REQUIREMENT :: With pictures omitted, transcribe exactly the lines from the one containing "Mango bootcut high" to the end of the records below.

LISTED ENTRIES ::
*** Begin section ***
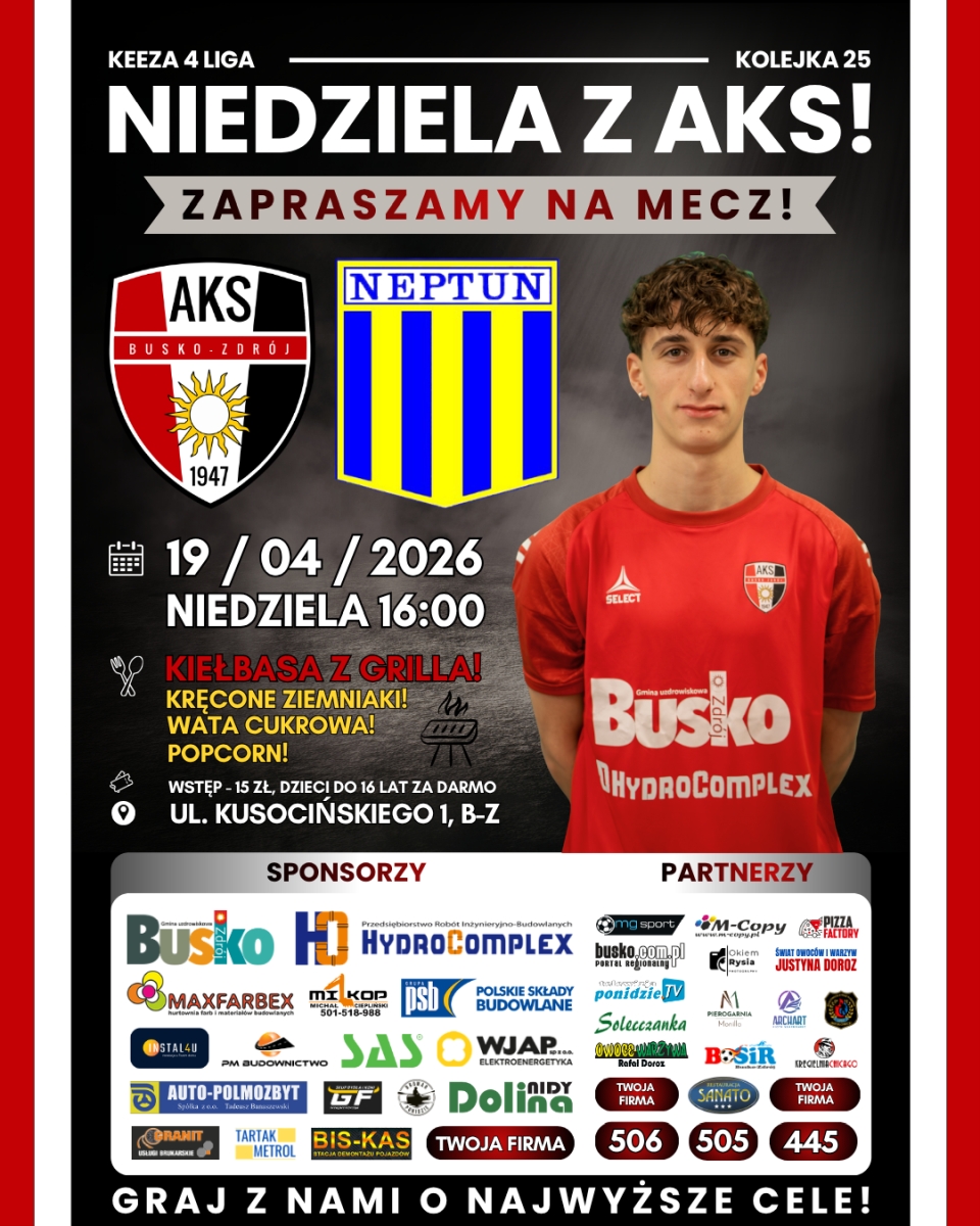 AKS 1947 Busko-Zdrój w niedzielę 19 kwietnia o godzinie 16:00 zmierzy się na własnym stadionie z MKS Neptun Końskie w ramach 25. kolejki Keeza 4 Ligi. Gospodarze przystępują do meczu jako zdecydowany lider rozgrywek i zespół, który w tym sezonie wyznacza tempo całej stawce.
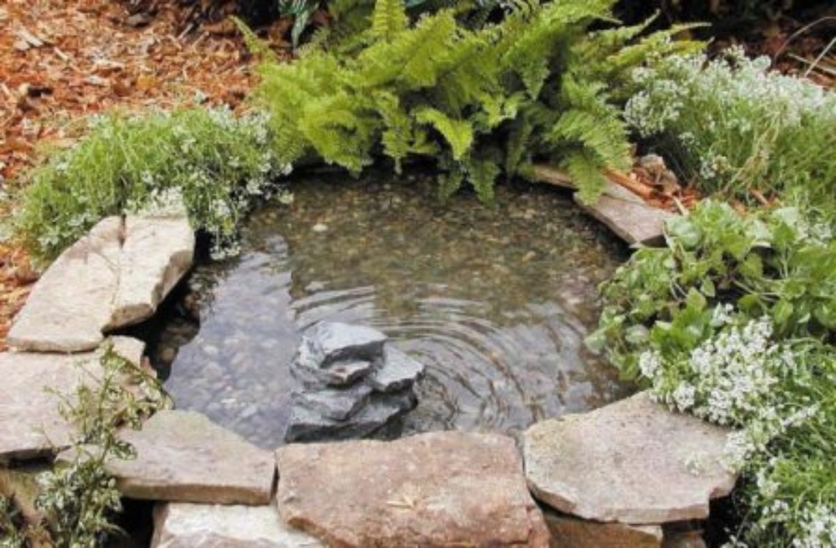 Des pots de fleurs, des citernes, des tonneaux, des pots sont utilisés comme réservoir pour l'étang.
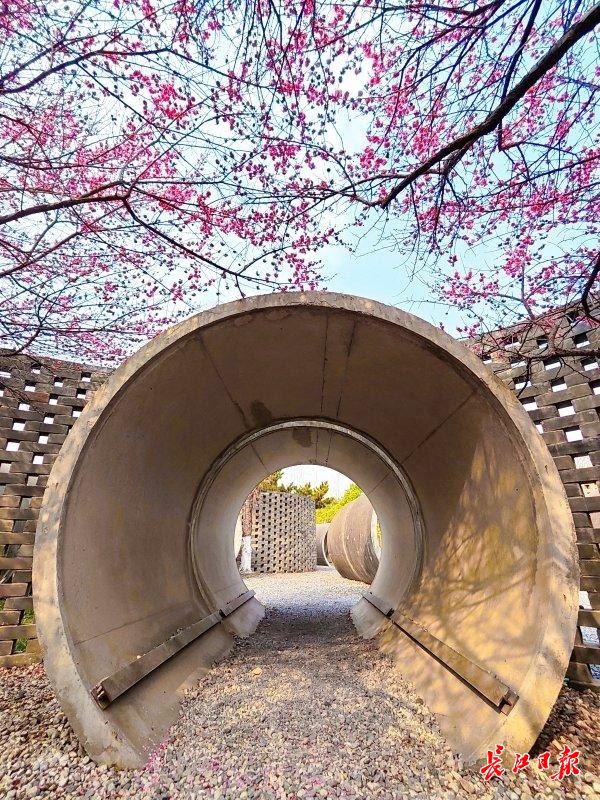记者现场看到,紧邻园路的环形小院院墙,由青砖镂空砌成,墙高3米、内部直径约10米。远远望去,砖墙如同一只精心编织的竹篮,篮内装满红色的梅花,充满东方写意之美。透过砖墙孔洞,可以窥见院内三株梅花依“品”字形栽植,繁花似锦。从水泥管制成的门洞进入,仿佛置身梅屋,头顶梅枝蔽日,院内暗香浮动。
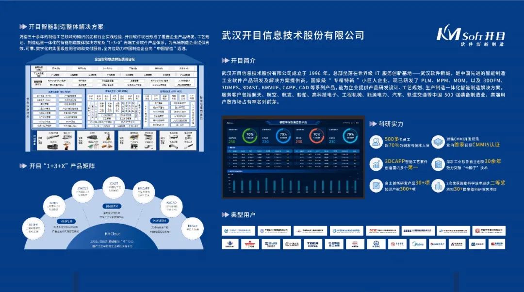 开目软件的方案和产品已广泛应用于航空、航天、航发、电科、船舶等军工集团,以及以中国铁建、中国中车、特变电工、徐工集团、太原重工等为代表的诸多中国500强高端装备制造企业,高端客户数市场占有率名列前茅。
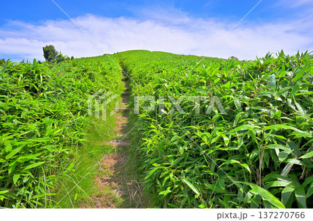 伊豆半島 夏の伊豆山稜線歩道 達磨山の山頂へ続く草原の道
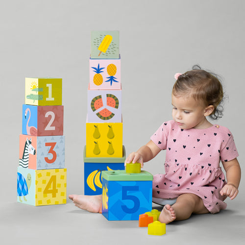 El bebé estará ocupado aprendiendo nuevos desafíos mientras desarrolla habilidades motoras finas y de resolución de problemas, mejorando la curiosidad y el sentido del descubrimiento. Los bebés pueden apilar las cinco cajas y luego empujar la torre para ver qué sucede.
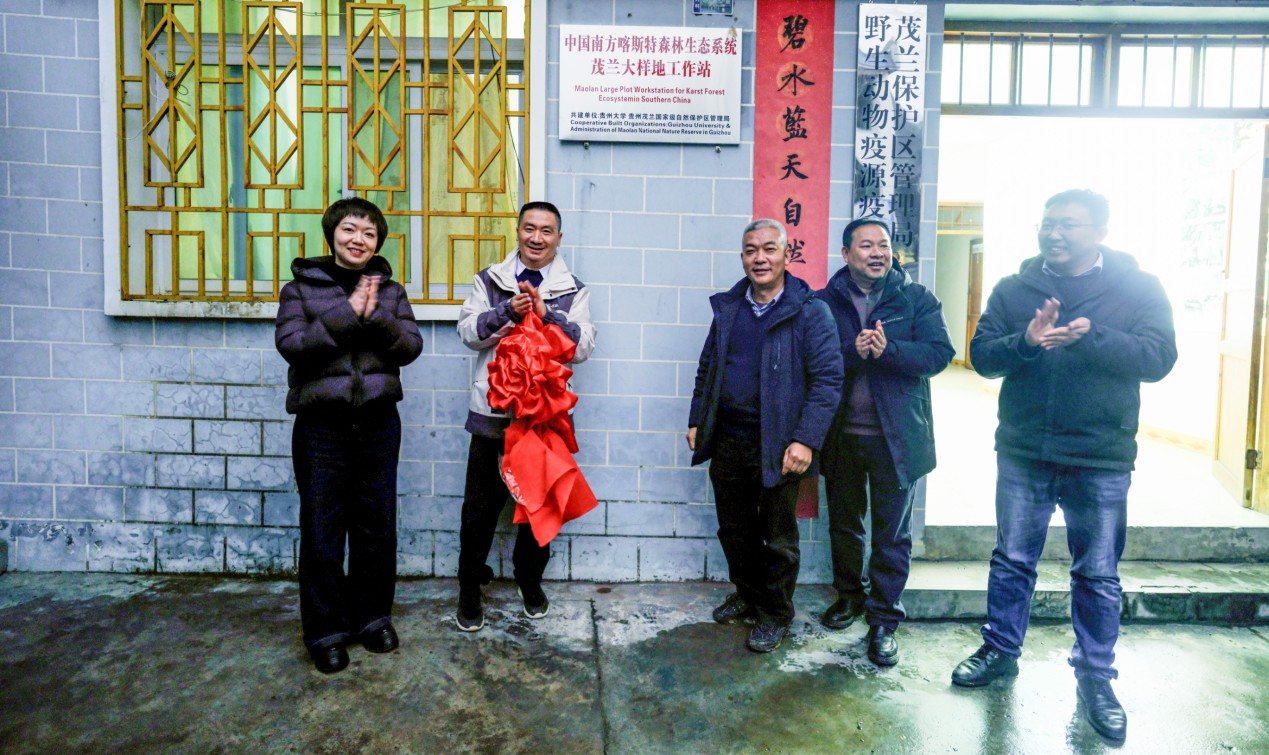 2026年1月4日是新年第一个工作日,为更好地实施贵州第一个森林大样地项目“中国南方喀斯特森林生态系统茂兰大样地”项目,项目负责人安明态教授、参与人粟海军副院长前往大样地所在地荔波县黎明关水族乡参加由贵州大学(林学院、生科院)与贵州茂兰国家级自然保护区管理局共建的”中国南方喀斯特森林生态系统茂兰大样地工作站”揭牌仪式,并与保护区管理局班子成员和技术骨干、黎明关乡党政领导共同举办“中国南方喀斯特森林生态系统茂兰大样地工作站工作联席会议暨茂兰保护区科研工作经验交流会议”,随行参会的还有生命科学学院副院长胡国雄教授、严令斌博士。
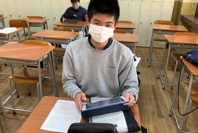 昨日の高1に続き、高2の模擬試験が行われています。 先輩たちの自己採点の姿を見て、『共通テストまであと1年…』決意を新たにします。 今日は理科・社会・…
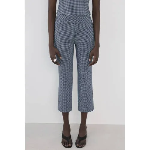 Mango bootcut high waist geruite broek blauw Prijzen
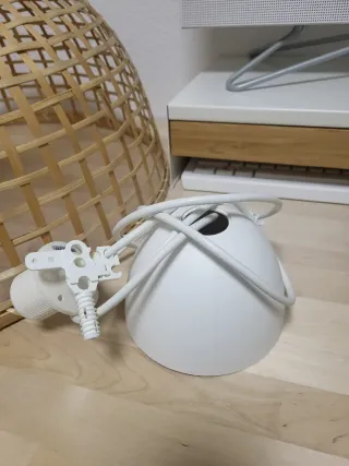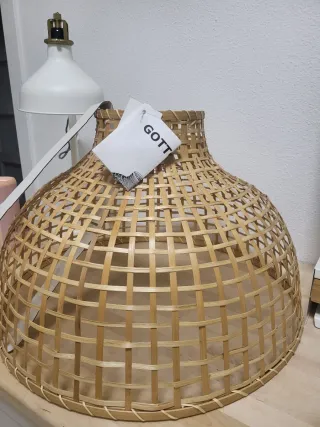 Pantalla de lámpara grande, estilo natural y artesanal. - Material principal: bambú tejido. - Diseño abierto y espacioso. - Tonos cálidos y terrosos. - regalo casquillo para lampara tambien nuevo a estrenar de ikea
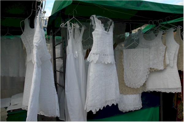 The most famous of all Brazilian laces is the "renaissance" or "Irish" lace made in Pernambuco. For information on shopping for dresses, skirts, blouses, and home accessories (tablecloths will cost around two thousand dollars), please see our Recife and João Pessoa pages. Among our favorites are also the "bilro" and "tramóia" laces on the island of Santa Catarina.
*** End section ***
EXPECTED OUTPUT ::
 Mango bootcut high waist geruite broek blauw Prijzen
 Pantalla de lámpara grande, estilo natural y artesanal. - Material principal: bambú tejido. - Diseño abierto y espacioso. - Tonos cálidos y terrosos. - regalo casquillo para lampara tambien nuevo a estrenar de ikea
 The most famous of all Brazilian laces is the "renaissance" or "Irish" lace made in Pernambuco. For information on shopping for dresses, skirts, blouses, and home accessories (tablecloths will cost around two thousand dollars), please see our Recife and João Pessoa pages. Among our favorites are also the "bilro" and "tramóia" laces on the island of Santa Catarina.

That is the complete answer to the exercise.